### Work to be completed:
This exercise calls for an exact copy of the listing, with no pictures kept.

### Input data:
--- START ---

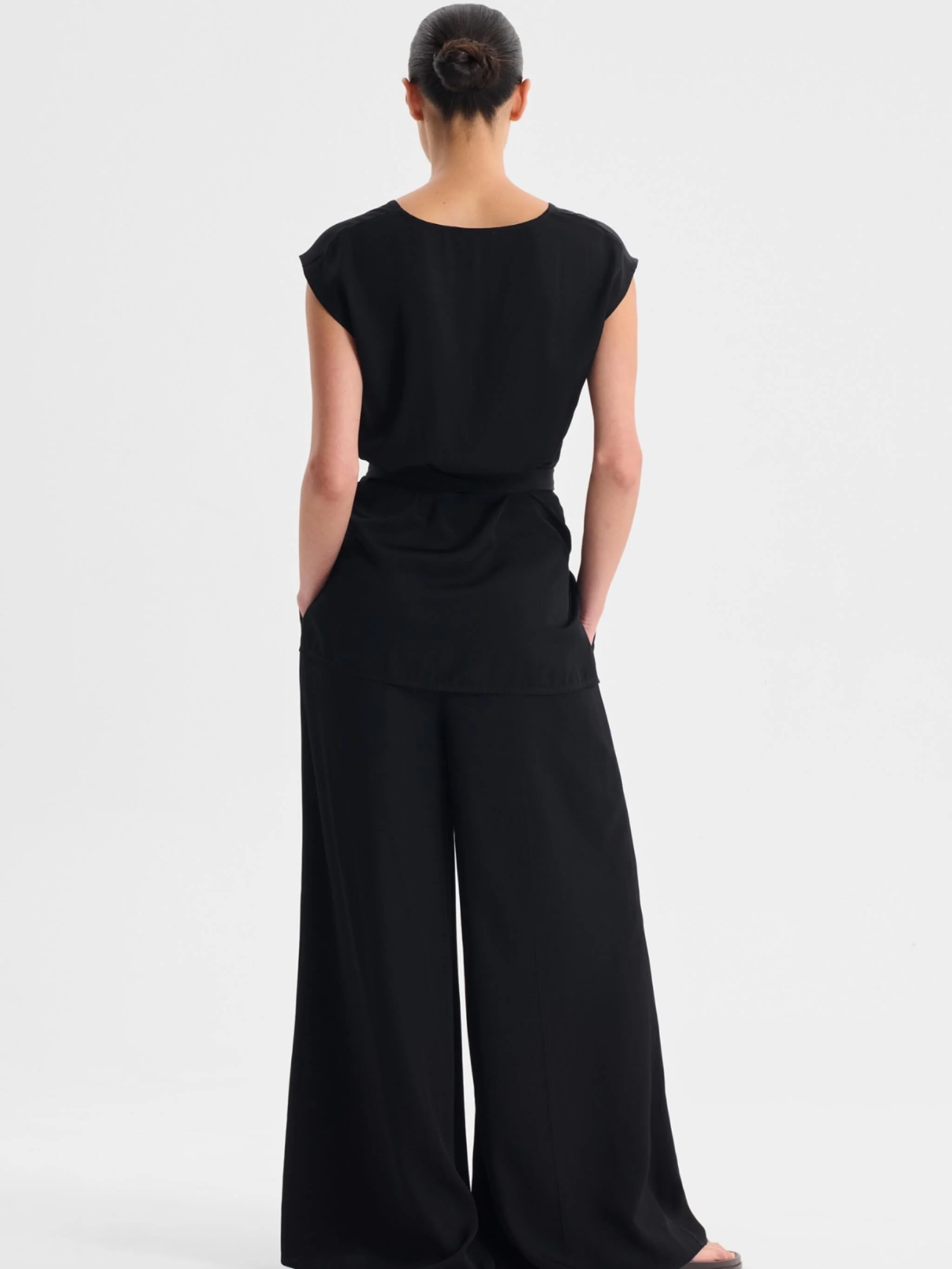 This short-sleeve top is crafted from a softly textured jacquard, offering subtle structure and depth. Thoughtfully detailed with pleats at the neckline and sleeve head, it falls to a clean high–low hem. A back split opening, secured with an invisible zip, allows the wearer to adjust the silhouette for ease or a more sculptural finish - a refined balance of polish and modernity.
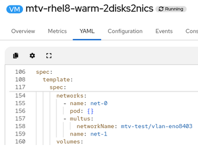 Migrate another VM mtv-rhel8-warm-2disks2nics from the same provider: ova-chhu, after migration, check on the target cluster: the VM yaml file with 2 interface settings and VM has 2 interface with correct ip address, more details as below
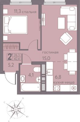 42,4 м²
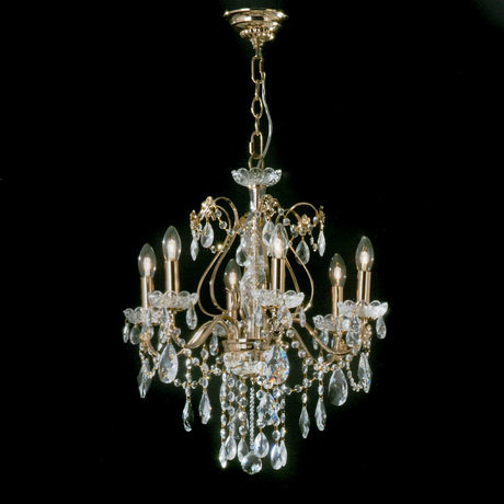 Люстра 6-ти рожковая на металлической арматуре цвета французское золото. Дизайн ламп выполнен в виде свечей в подсвечниках. Декор: подвески и кулоны из прозрачного хрусталя. Высота светильника регулируется за счет звеньев цепи. Количество лампочек: 6. Мощность: 6 x 60 Вт. Тип лампы: Накаливания, E14.

--- END ---

### Task response:
 This short-sleeve top is crafted from a softly textured jacquard, offering subtle structure and depth. Thoughtfully detailed with pleats at the neckline and sleeve head, it falls to a clean high–low hem. A back split opening, secured with an invisible zip, allows the wearer to adjust the silhouette for ease or a more sculptural finish - a refined balance of polish and modernity.
 Migrate another VM mtv-rhel8-warm-2disks2nics from the same provider: ova-chhu, after migration, check on the target cluster: the VM yaml file with 2 interface settings and VM has 2 interface with correct ip address, more details as below
 42,4 м²
 Люстра 6-ти рожковая на металлической арматуре цвета французское золото. Дизайн ламп выполнен в виде свечей в подсвечниках. Декор: подвески и кулоны из прозрачного хрусталя. Высота светильника регулируется за счет звеньев цепи. Количество лампочек: 6. Мощность: 6 x 60 Вт. Тип лампы: Накаливания, E14.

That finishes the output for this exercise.